28 Apr 2016

Nematodes from the deep

From Our Changing World, 9:20 pm on 28 April 2016

9,000 metres down the Kermadec Trench it is dark, cold and subject to bone-crushing pressure – but scientists have discovered that the ocean floor is teeming with life.

Tiny worm curved into a ball with spines around the otuside

This tiny nematode worm from deep in the Kermadec Trench is a male Greeffiella. Photo: Daniel Leduc / NIWA

Some of the deepest parts of the world’s oceans lie just to the north-east of New Zealand. The bottom of the Kermadec Trench is more than 9,000 metres below sea level, while the neighbouring Tonga Trench plunges to more than 10,000 metres and is the second deepest place on earth.

NIWA scientist Daniel Leduc tells Alison Ballance that he has discovered over 100 species of tiny nematode worms, as well as surprising amounts of pine pollen, living in sediment there.

A thin worm

A female nematode worm from deep in the Kermadec Trench (Manganonema rowdeni). Photo: Daniel Leduc / NIWA

Daniel’s area of interest is nematodes – very small worms – that live in soil and in ocean sediments.

On his return Daniel had four sediment samples to sort through, collected at depths of 4,000 to 9,000 metres. He also had some sediment collected from more than 10,000 metres depth on the Tonga Trench, which carries on from the Kermadec Trench.

A black and white photo of a tube-like animal covered in large scales

A scanning electron microscope photo of a tiny nematode worm called Desmoscolex Photo: Daniel Leduc / NIWA

“Because it takes a long time to put a name to all the species, and most of the species down there will be new to science, I just looked at what we call morphological species, and basically I was able to find over a hundred species [of nematodes]” - NIWA scientist Daniel Leduc.

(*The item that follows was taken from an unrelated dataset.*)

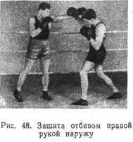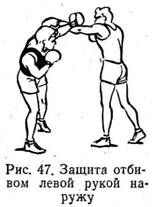 В момент атаки противника прямым ударом левой руки в голову боксер толчком носка левой ноги делает выпад правой ногой вправо, одновременно наклоняя туда же туловище, и отбивает тыльной частью ладони руку противника наружу (рис. 47).

And it wasn’t just the number of species that impressed him – the abundance of nematodes was also unexpectedly high, especially at depths of 7,000 to 8,000 metres. Daniel says there were several hundred thousand individual nematodes per square metre, which he says is comparable to densities in Wellington harbour sediments. He says this is “quite respectable for such a deep environment”.

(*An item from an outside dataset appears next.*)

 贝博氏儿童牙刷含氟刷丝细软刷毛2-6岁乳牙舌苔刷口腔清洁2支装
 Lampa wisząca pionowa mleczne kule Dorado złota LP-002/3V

Daniel says the density of nematodes was probably greater at 7,000 - 8,000 metres than it was at 6,000 or 9,000 metres, because of the shape of the trench. The trench acts as a funnel, concentrating organic matter drifting down from the sea surface, and also, in some cases, from land.

The most intriguing and common bits of land-based organic material were grains of pine pollen that Daniel says come from Pinus radiata. Pine pollen is light and able to float and drift long distances.

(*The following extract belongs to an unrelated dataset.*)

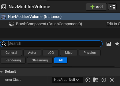 NavModifierVolume์ ๋ฐฐ์นํ ํ NavArea_Null๋ก ์ค์ ํ๋ค. MinRegionArea๋ก ํด๊ฒฐ๋์ง ์์ ์์ญ์ NavModifierVolume์ผ๋ก ์ ๊ฑฐํ๋ฉด ๋๋ค.

Curiously, Daniel even found a gromiid, a simple one-celled organism, that had consumed a grain of pine pollen.

Daniel says the gromiid came from the bottom of Horizon Deep, in the Tonga Trench, at a depth of more than 10,000 metres, and more than 3,000 kilometres from New Zealand, the probable source of the pollen.

A sac of sediment and a pine pollen grain

This one-celled organism was living in sediment at the bottom of Horizon Deep in the Tonga Trench, the second deepest place on earth. It is called a gromiid, and its 'gut' is full of sediments - and a pine pollen grain. Photo: Daniel Leduc / NIWA

“It was quite striking when I saw this, as it meant the Pinus radiata pollen had been blown by wind all the way from the central North Island and travelled with the currents all the way down into the trench to finally be eaten by one of these little gromiids.”

Daniel presented his findings at the second Kermadec science symposium in Wellington in early April. He has been on Our Changing World previously, talking about the discovery of a new nematode species in Wellington Harbour.